MANAGEMENT'S DISCUSSION AND ANALYSIS OF FINANCIAL CONDITION AND RESULTS OF
- --------------------------------------------------------------------------
OPERATIONS
- ----------

RESULTS OF OPERATIONS
- ---------------------

The following discussion and analysis contains forward looking statements, which
are subject to the risk factors set forth at the end of this item.

System orders in the second quarter of 1996 were $71 million, which represented
a 11% decrease from the $80 million booked in the second quarter of 1995, mainly
due to a decrease in Paper Systems orders.  For the first six months of 1996,
orders were $131 million, including $17 million for Data Measurement Corporation
(DMC), compared to the 1995 six month total of $130 million.  In the second
quarter of 1996, orders for the Industrial Systems Division, including $9
million for  DMC doubled to $20 million, compared to $10 million in the second
quarter of 1995.  Orders for the Paper Industry were $51 million compared with
$70 million in the second quarter of 1995.

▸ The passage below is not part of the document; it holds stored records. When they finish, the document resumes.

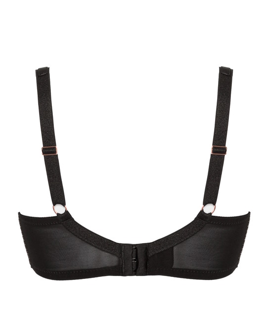Бюстгальтер Chita PU на косточках, с дополнительными боковыми поддержками, чашки шитые, нижняя часть на тонком поролоне телесного цвета, внутренняя сторона проложена хлопковым трикотажем, внешняя и верхняя часть чашек кружевная. Бретельки не отстёгиваются, регулируются по длине. На спине чёрная застёжка на удлинитель, количество крючков в ряду застёжки, увеличивается пропорционально размеру бюстгальтера. Бюстгальтер идеально сочетается с трусиками Chita.
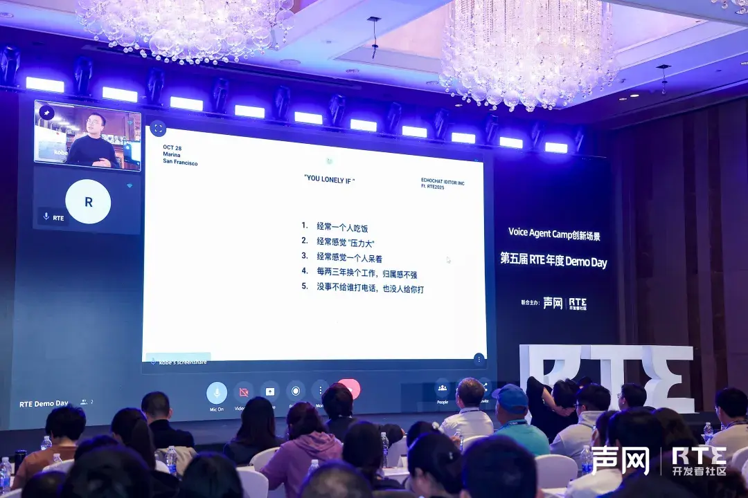 「Voice Agent Camp」創新場景暨第五屆 RTE 年度 Demo Day 線下開秀。來自 Voice Agent Camp 的 4 個優秀項目,以及 3 個海內外多模態 AI 項目、3 個 RTE 開發者社區優秀項目,用 3 小時高能 Demo 交出一份「實時互動 × 對話式 AI」的年度答卷。
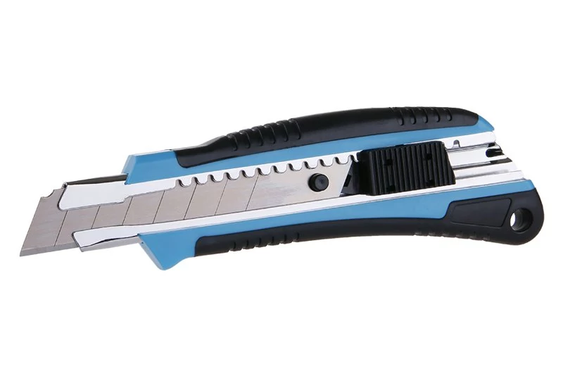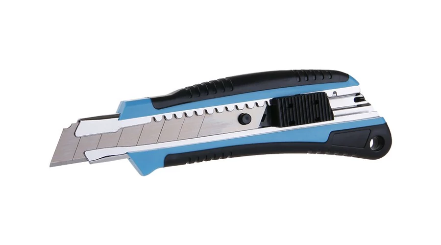 FESTA vágókés 18mm, minőségi anyagok, ergonomikus forma csúszásgátló kezeléssel, fém rúd, automata tolózár, a késbe akár 2 db tartalék penge helyezhető, buborékfólia.
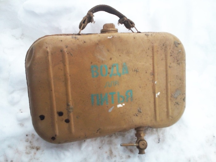 Здравствуйте уважаемые Пикабушники, продолжаю повествование о флажках родом из Советского Союза. На фотографии алюминиевая канистра для питьевой воды. Штатно с завода была установлена в УАЗ-452А Санитарный, И в левой задней двери УАЗ-469. На фото ниже видно заднюю стенку канистры, именно этой стенкой бачок прижимался к кузову автомобиля. Для того что бы налить воду в кружку, нужно было открыть кран и вода самотёком вытекала, при этом канистра оставалась закреплённой на кузове. На фото ниже УАЗ-452А Санитарный. Вид внутри осека для размещения раненых. Справа по центру на стене перегородки размещена наша канистра. На схеме ниже под номером 6. Из канистры можно было не только брать воду для питья, но и помыть руки при необходимости действуя как с рукомойником. А вот ещё одна канистра для питьевой воды для людей. Штатно она размещалась на военном Автомобиле Транспортёр Переднего Края (ТПК) ЛУАЗ - 967. Видео из ютуба. Ниже текст из Википедии. ЛуАЗ-967 был создан по заказу ВДВ ВС СССР для эв
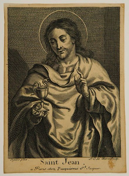 Curator: Looking at this engraving from circa 1640-1680, housed right here in the Rijksmuseum, one can truly admire Cornelis van Caukercken’s technical skill in capturing the somber “Johannes.” Editor: It strikes me immediately how still the whole piece is. The dark shading in the background adds to a very serious, almost tragic mood. Curator: This particular print showcases an interesting dissemination of artistic styles. Based on an earlier painting by van Dyck, Caukercken reproduces van Dyck's original portrait but translated through the graphic language available to a baroque engraver. It raises interesting questions regarding access, reinterpretation, and popular piety during this era. Editor: Absolutely. And the chalice is a key element. Traditionally, the chalice appears in iconography to identify Saint John the Evangelist and symbolize the Eucharist and divine grace. Here it feels heavy with symbolic meaning, almost burdensome. Curator: Yes, the somber tone would fit interpretations that this refers to Saint John the Apostle who, as the legend states, was presented with a poisoned cup. Editor: Interesting. It's remarkable how the visual language around particular saints and figures evolve, especially within specific historical and political climates, reflecting ever changing understandings of divinity and mortality. Curator: Precisely. Religious prints like these circulated widely, offering a personal experience of the sacred, as opposed to only grand altarpieces commissioned by the church. These small scale engravings found a larger audience outside traditional elite patrons. Editor: This allows us insight into baroque anxieties, especially the relationship between humanity, belief, and inevitable suffering. Curator: Examining prints such as "Johannes", grants access to the past by letting us investigate the cultural and political stakes through their widespread distribution. Editor: I am reminded of how symbols persist to help reveal hidden layers of humanity’s emotional and spiritual memory.
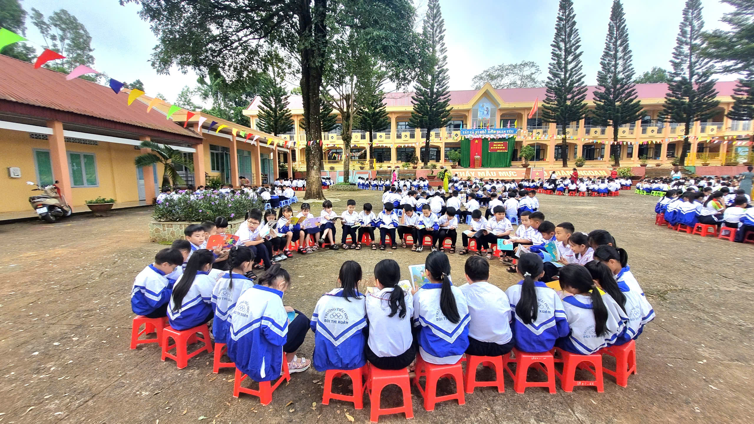 Buổi lễ phát động diễn ra với nhiều hoạt động thiết thực: các em học sinh hào hứng, sôi nổi cùng những cuốn sách, truyện, … trên tay. .
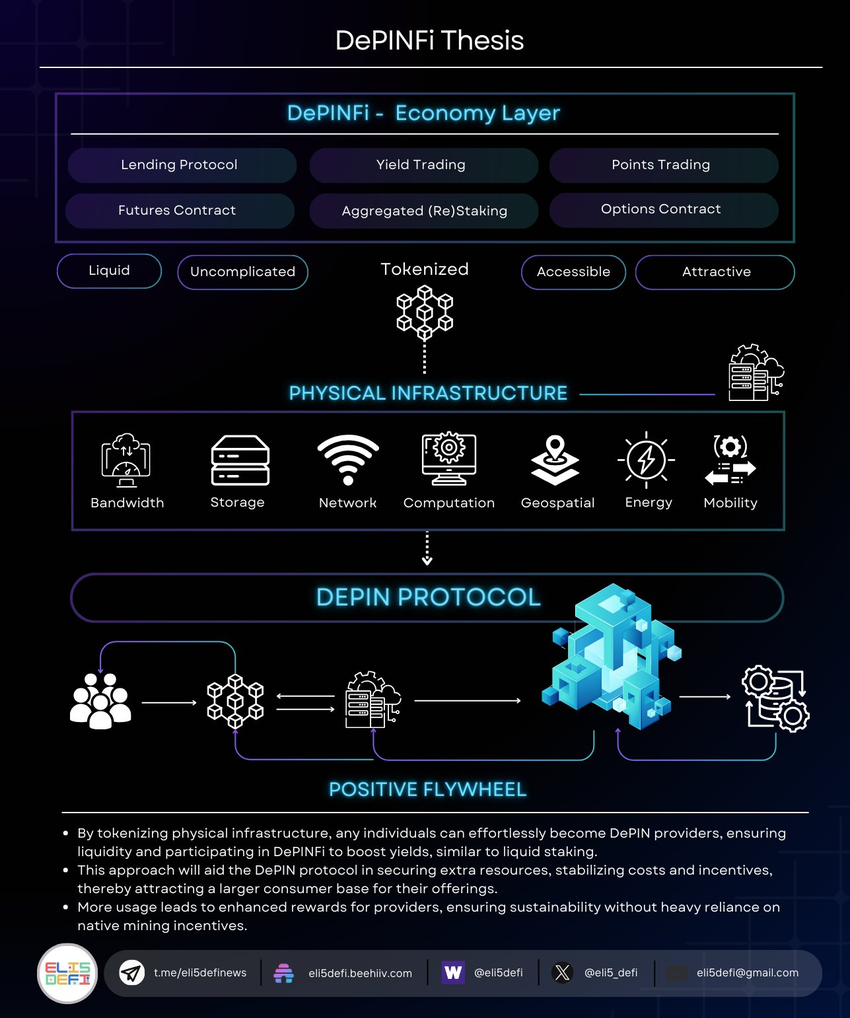 I følge Eli5DeFi, en bemerkelsesverdig Web3-analytiker, foreslår DePinFi et overbevisende middel på disse problemene. Ved å tokenisere fysisk infrastruktur gjør DePinFi det mulig for enkeltpersoner å enkelt bli DePin-leverandører, sikre likviditet og legge til rette for deltakelse i DePinFi for å øke utbyttet, i likhet med flytende innsats.
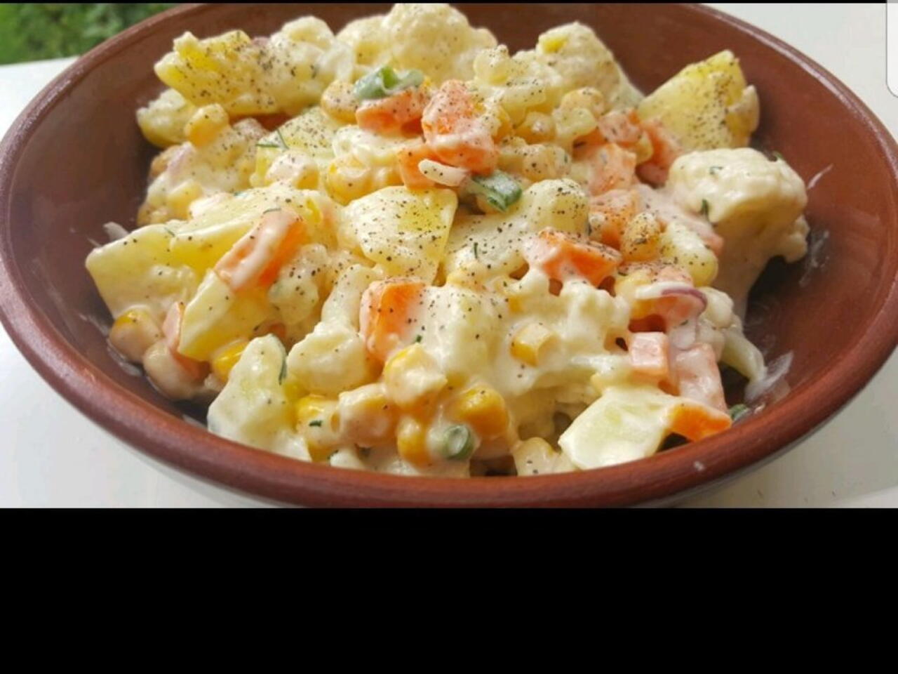 Se adauga si sosul peste salata, se amesteca bine si se da la frigider pt 10 minute.
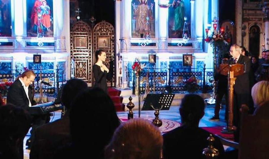 Στην εκδήλωση συμμετείχε η Μικτή Χορωδία του Μουσικού Ομίλου Σύρου και η Ανδρική Χορωδία Αγίου Νικολάου, υπό τη Διεύθυνση του Μαέστρου κ. Ιωάννη Αργυρίου, η οποία απέδωσε Εκκλησιαστικούς ύμνους.
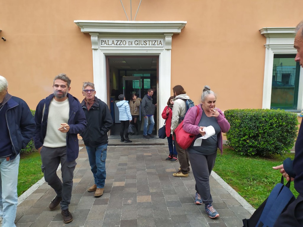 All'uscita dal tribunale, alcuni dei solidali che hanno seguito le udienze insieme agli imputati, carta igienica alla mano, hanno salutato Salvini, con tanto di 'bacioni'.
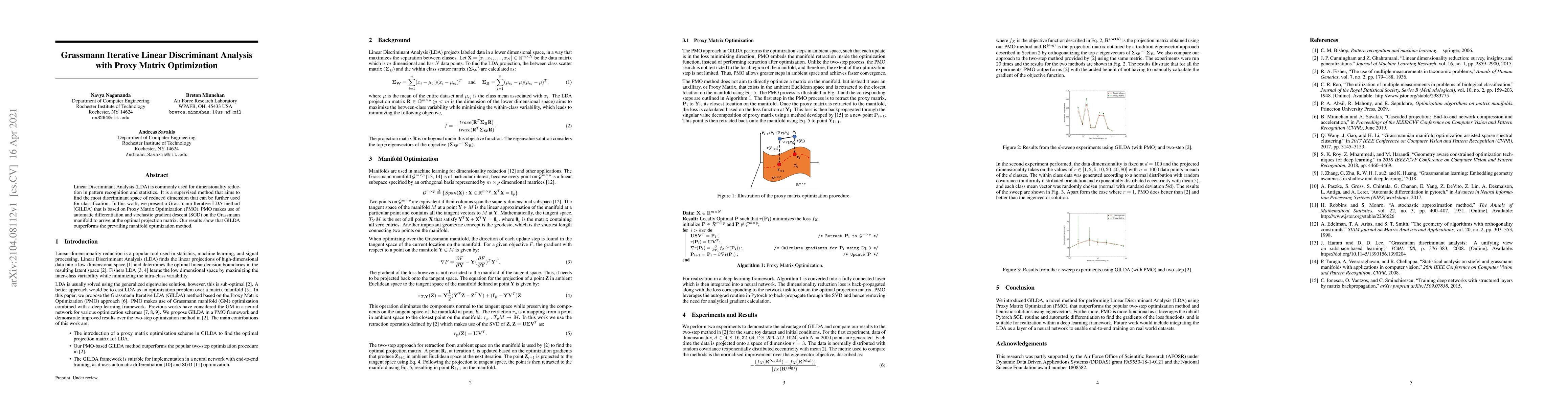 This paper introduces Grassmann Iterative Linear Discriminant Analysis (GILDA) with Proxy Matrix Optimization (PMO), utilizing automatic differentiation and stochastic gradient descent on the Grassmann manifold for optimal projection. GILDA outperforms existing manifold optimization methods for dimensionality reduction in pattern recognition.
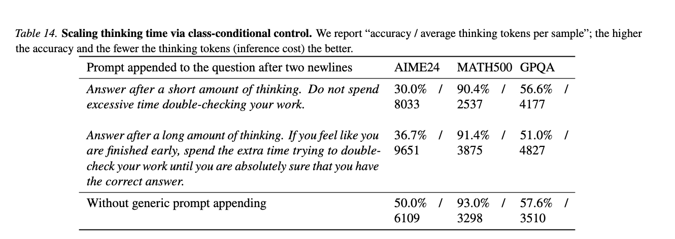 - 첫째, 모델이 일정한 토큰 수 이상을 생성할 때까지 사고 과정을 유지하도록 설정하여, 모델이 충분한 사고를 거친 후 답을 생성하도록 유도

The industry and geographic breakdown of orders is as follows:
<TABLE>
<CAPTION>

                             Three Months Ended            Six Months Ended
                           -----------------------       ---------------------
                             (amounts in millions)       (amounts in millions)
                           -----------------------       ---------------------
                             June 2,      June 4,        June 2,       June 4,
                              1996         1995           1996          1995
                           ---------      --------       -------       -------
<S>                        <C>            <C>            <C>           <C>
United States              $    25.0      $   28.0       $  43.0       $  53.0
Europe                          18.0          24.0          40.0          39.0
Rest of World                   28.0          28.0          48.0          38.0
                           ---------      --------       -------       -------
     Total                 $    71.0      $   80.0       $ 131.0       $ 130.0
                           ---------      --------       -------       -------

Paper Systems              $    51.0      $   70.0       $  93.0       $ 113.0
Industrial Systems              20.0          10.0          38.0          17.0
                           ---------      --------       -------       -------
     Total                 $    71.0      $   80.0       $ 131.0       $ 130.0
                           ---------      --------       -------       -------
</TABLE>

System backlog at the end of the second quarter of 1996 was $157 million, up
from $129 million at the end of the second quarter of 1995 and down slightly
from $160 million at the end of the first quarter 1996. In excess of 90% of the
$157 million backlog is scheduled to be shipped during the next 12 months.  The
ending backlog includes $25 million relating to DMC.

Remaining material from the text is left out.